- [What needs to be done]: Beginning with the line containing "Инсталляция из шляпок" and going on through the line containing "أخر صورة التقطت", the lines below are to be returned exactly, pictures excluded and nothing added.

** Opening Records for this exercise block **

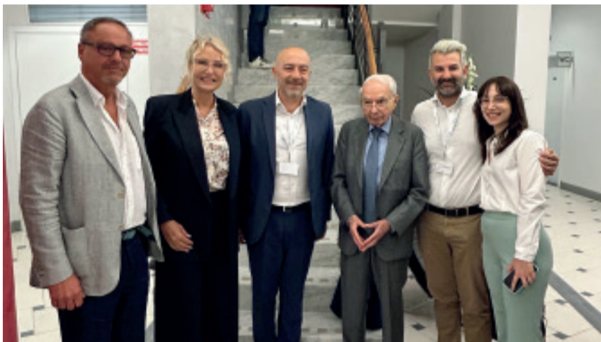
Le autorità presenti

i più importanti imprenditori tessili d’Italia, il ruolo della scuola in un’epoca di trasformazioni tecnologiche, il rapporto tra il sapere delle enciclopedie, con alcuni dati sulla “Treccani” consultabile oggi gratuitamente in versione digitale, e l’intelligenza artificiale, la dialettica conoscenza-potere, i cambiamenti intercorsi nel Novecento. Sul palco sono state portate in esposizione l’edizione originale dell’Enciclopedia Treccani donata dal conte alla comunità e la rara riproduzione anastatica della Bibbia di Borso d’Este che Treccani degli Alfieri acquistò per 5 milioni di lire nel 1923 per donarla allo Stato italiano. Allo studio importanti celebrazioni per il 2027 che segnerà il 150° di nascita dell’illustre monteclarense. (fe.mi.)
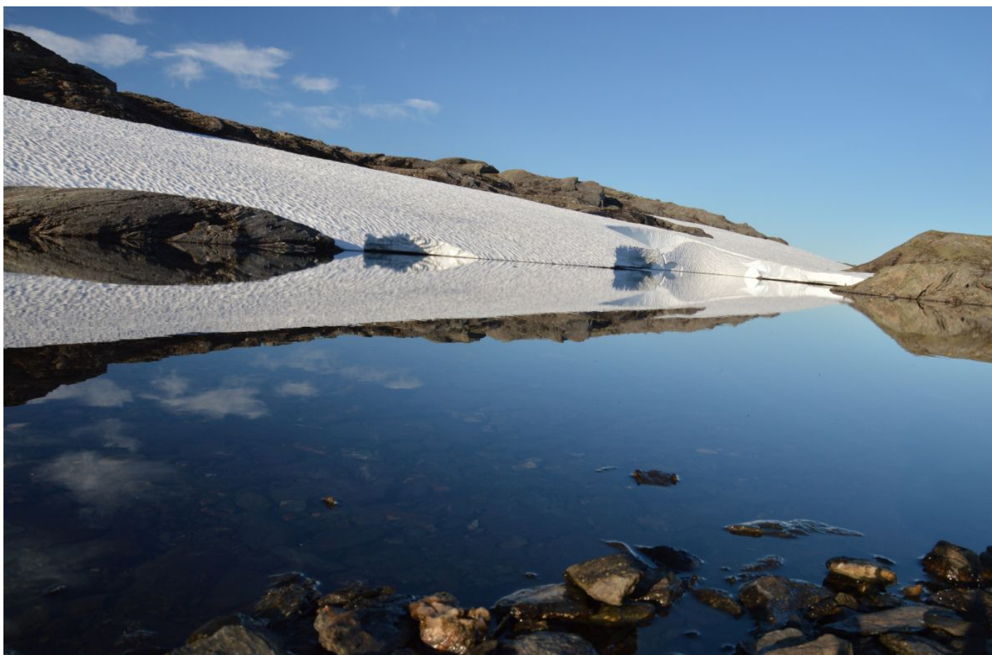
Tyssevassbu, jezero vedle našeho stanu

Po asi hodině chůze jsme si na dalším rozcestí pod horou nechali batohy a šli si nalahko vyjít na vrchol. No jo, stolová hora měla ze všech stran pěkné, avšak skoro kolmé stěny. Jak naznačila mapa,
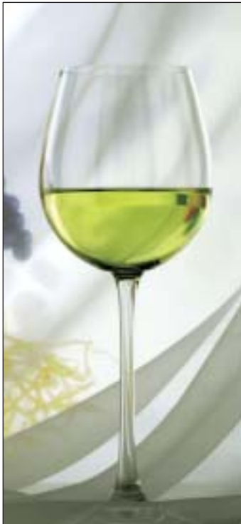
Jeder Wein hat »seine« Farbe: hier der Kerner

Im letzten Beitrag haben wir uns damit beschäftigt, welche unserer Sinne beim Weingenuß beteiligt sind. Heute geht es darum, wie sich aus der Sinnhaftigkeit unserer Wahrnehmungen ein Urteil über den Wein entwickeln läßt. Wie können wir mit einfachen Erkenntnissen den »Richtigen« für uns finden?
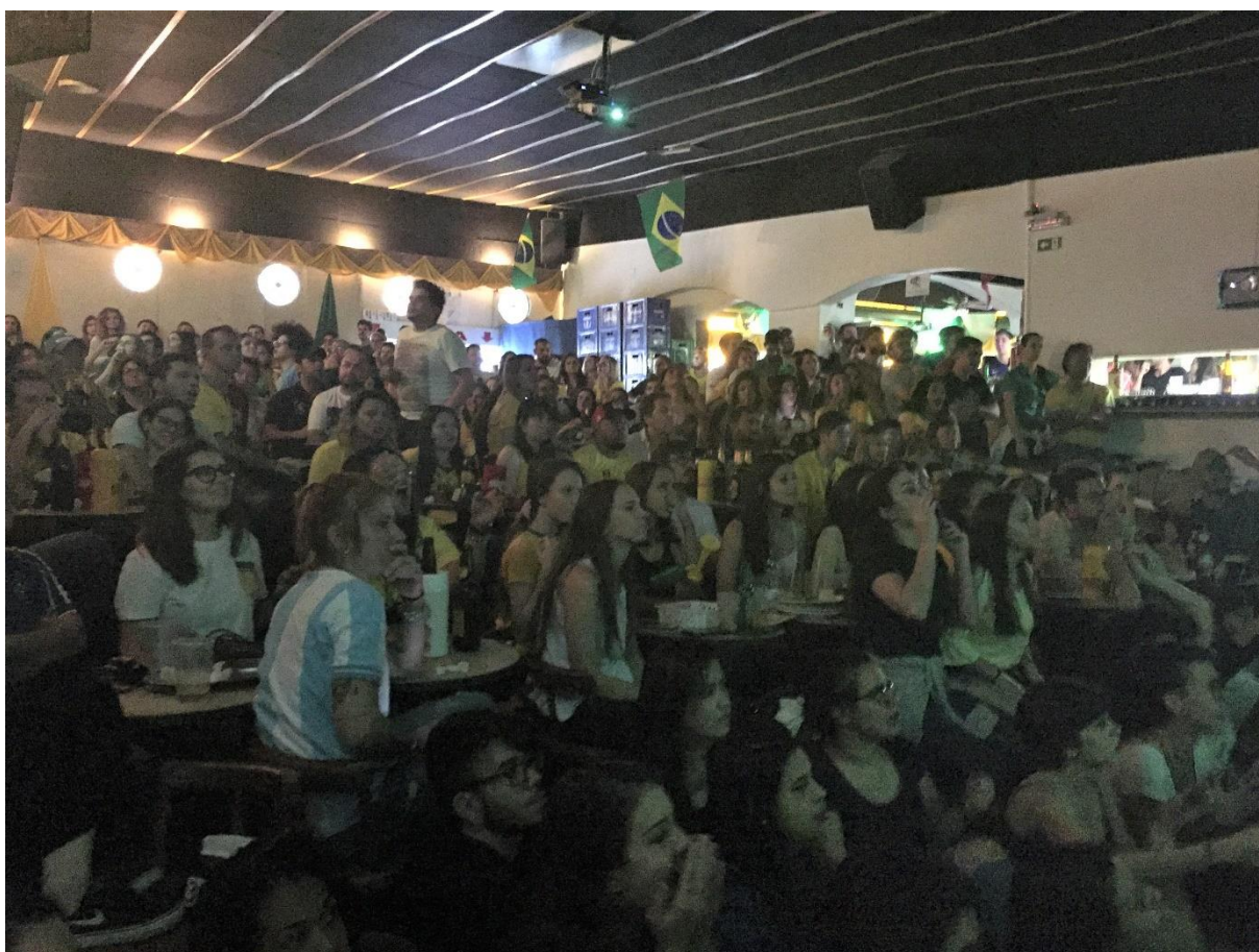
Figura 10. Ala estádio-bar do Bar Brasil cheia durante jogo do Brasil na Copa 2018.
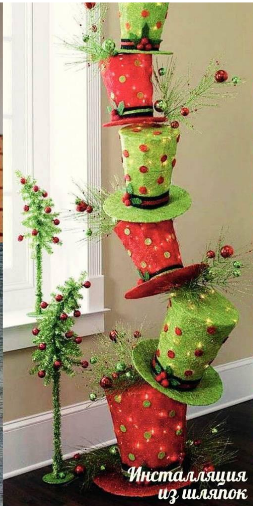
Инсталляция из шляпок
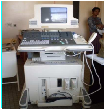
Dotation d'un échographe au CENHOSOA

Durant les 3 années du projet, 525 nouveaux cas devront bénéficier d'une consultation spécialisée, entre 55 et 77 enfants seront opérés à cœur fermé à Madagascar et 80 enfants opérés à cœur ouvert à La Réunion ou en Europe.
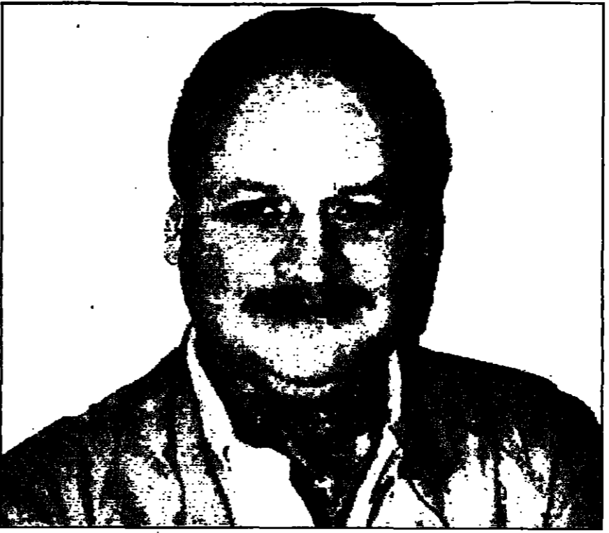
أخر صورة التقطت لكارلوس في منزله بحد السجن الفرنسي قبل محاكمته

باريس - القدس العربي - عشية بدء محاكمة الليش راميريز سانشيز الشهير - كارلوس، في باريس (اليوم)، عرضت لآلة الفرسنة الشاذية (F2) برنامجا خاصا حول حياة امين ضمن بوتامجا الاسويجي الشهير ميموث خاصه، الجزء جيل ووجونشاي الذي انتقل الى كاراكاس واول اخرى متفحفا خطى هذا الرجل الذي تملك عنه وسائل الاعلام انه ظل طيلة عشرين عاما العدو رقم واحد لكل أجهزة مكافحة الارهاب في العالم.
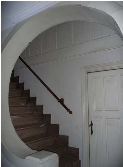
Les photos sont prises à Woluwe-Saint-Lambert.
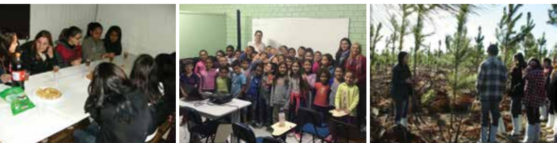
Apresentação das atividades executadas na empresa para escolas. / Alunos Lanchando no refeitório de campo / Visita de Campo com Alunos
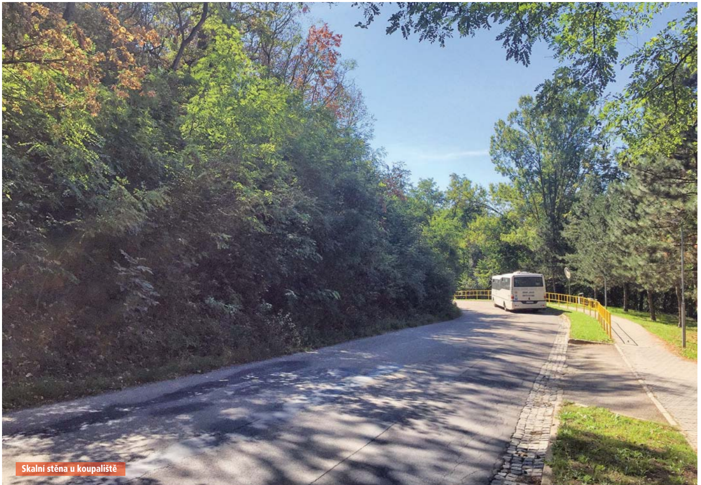
Skalní stěna u koupaliště

** Closing Records for this exercise block **

- [Expected answer]:
Инсталляция из шляпок
Dotation d'un échographe au CENHOSOA

Durant les 3 années du projet, 525 nouveaux cas devront bénéficier d'une consultation spécialisée, entre 55 et 77 enfants seront opérés à cœur fermé à Madagascar et 80 enfants opérés à cœur ouvert à La Réunion ou en Europe.
أخر صورة التقطت لكارلوس في منزله بحد السجن الفرنسي قبل محاكمته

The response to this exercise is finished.